▶ [Activity]: Repeat the listing below in full and exactly. Pictures are to be omitted.

▶ [Raw data]:
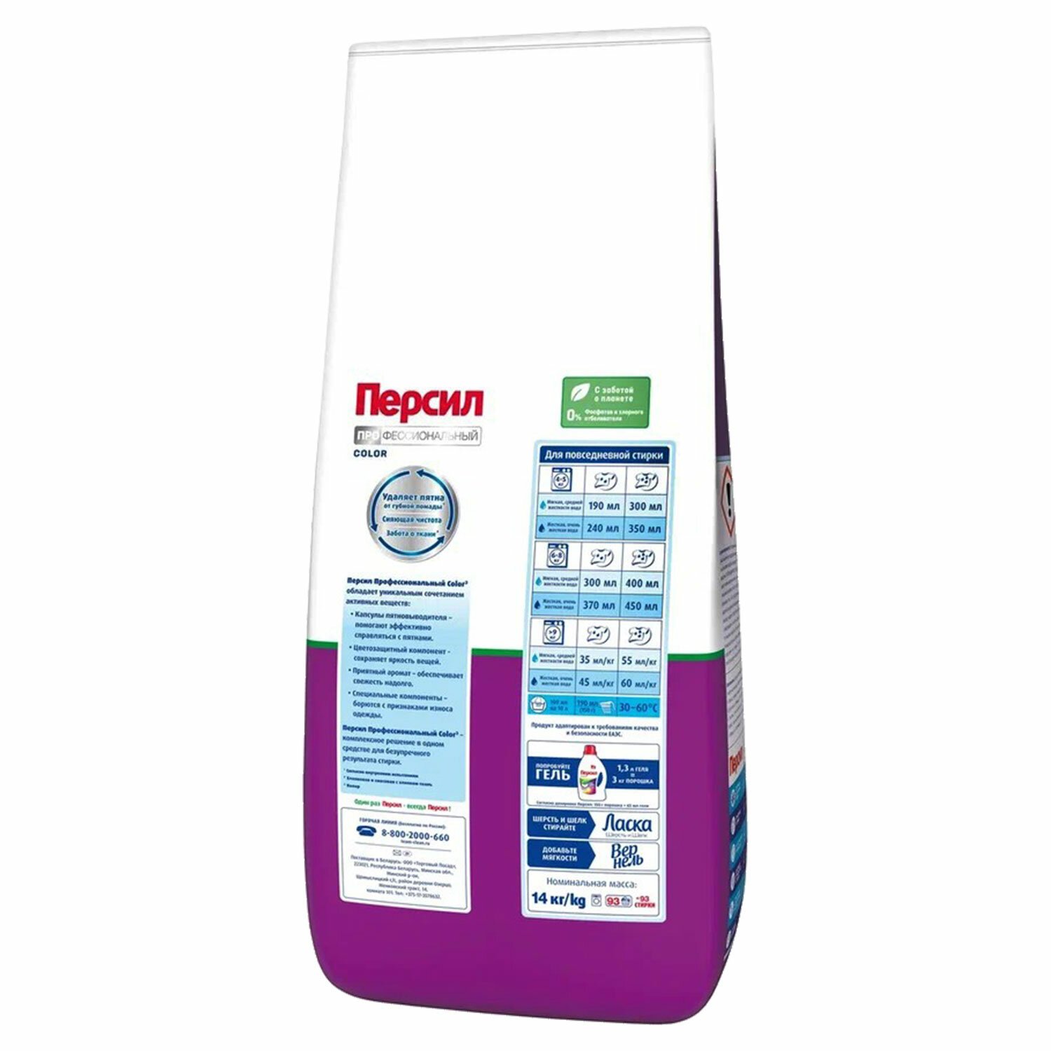 • Не содержит фосфатов и хлорного отбеливателя.
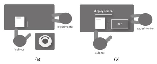 The experiments were carried out in a quiet room with sufficient lighting and space for the participants to comfortably perform the experimental tasks. In an orientation session prior to the experiment, the experimenter explained the procedure and testing rules, and the participants were free to ask questions during the session. Talking was not allowed during the actual experiment. The experimental setup for the physical and virtual groups, respectively, will now be described. As shown in Figure 5a, the smart vacuum cleaner was placed in a low platform close to the ground. The participants inspected the device and performed the required tasks. They could freely lift the product with hands during the experiment for the weight estimation. Then, they responded to the questionnaire, including the SAM, by filling in the answer sheets that were placed on the desk.
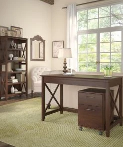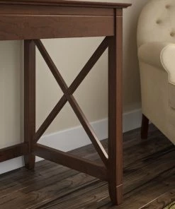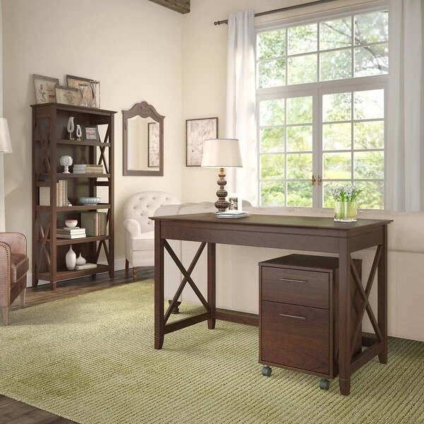 Take on your daily tasks from the comfort of a spacious personal work area, even in small office environments. The Bush Furniture Key West 48W Writing Desk offers more than enough room to spread out with a laptop and paperwork as you surf the web, pay bills or check the mail. Featuring side panels with unique X pattern accents, this office desk creates a relaxed and airy style supported by a sturdy and attractive post leg design. The durable work surface has a weight capacity of 200 pounds so you can confidently keep books and other work materials close by. Measuring 48W x 24D x 30H, this Writing Desk is perfect for use as a sofa table, console table or personal work area and is finished on all sides to look great facing any direction. Expand your workspace with a variety of coordinating items including Desktop Organizers (sold separately) and let the Key West Collection turn your home office or living room into an island escape. Your choice of casual finishes blends seamlessly with homes that embrace coastal and farmhouse decor. This small computer desk is tested to meet ANSI/SOHO quality standards for safety and performance. See the full collection for coordinating items available.

▶ [Worked solution]:
 • Не содержит фосфатов и хлорного отбеливателя.
 The experiments were carried out in a quiet room with sufficient lighting and space for the participants to comfortably perform the experimental tasks. In an orientation session prior to the experiment, the experimenter explained the procedure and testing rules, and the participants were free to ask questions during the session. Talking was not allowed during the actual experiment. The experimental setup for the physical and virtual groups, respectively, will now be described. As shown in Figure 5a, the smart vacuum cleaner was placed in a low platform close to the ground. The participants inspected the device and performed the required tasks. They could freely lift the product with hands during the experiment for the weight estimation. Then, they responded to the questionnaire, including the SAM, by filling in the answer sheets that were placed on the desk.
 Take on your daily tasks from the comfort of a spacious personal work area, even in small office environments. The Bush Furniture Key West 48W Writing Desk offers more than enough room to spread out with a laptop and paperwork as you surf the web, pay bills or check the mail. Featuring side panels with unique X pattern accents, this office desk creates a relaxed and airy style supported by a sturdy and attractive post leg design. The durable work surface has a weight capacity of 200 pounds so you can confidently keep books and other work materials close by. Measuring 48W x 24D x 30H, this Writing Desk is perfect for use as a sofa table, console table or personal work area and is finished on all sides to look great facing any direction. Expand your workspace with a variety of coordinating items including Desktop Organizers (sold separately) and let the Key West Collection turn your home office or living room into an island escape. Your choice of casual finishes blends seamlessly with homes that embrace coastal and farmhouse decor. This small computer desk is tested to meet ANSI/SOHO quality standards for safety and performance. See the full collection for coordinating items available.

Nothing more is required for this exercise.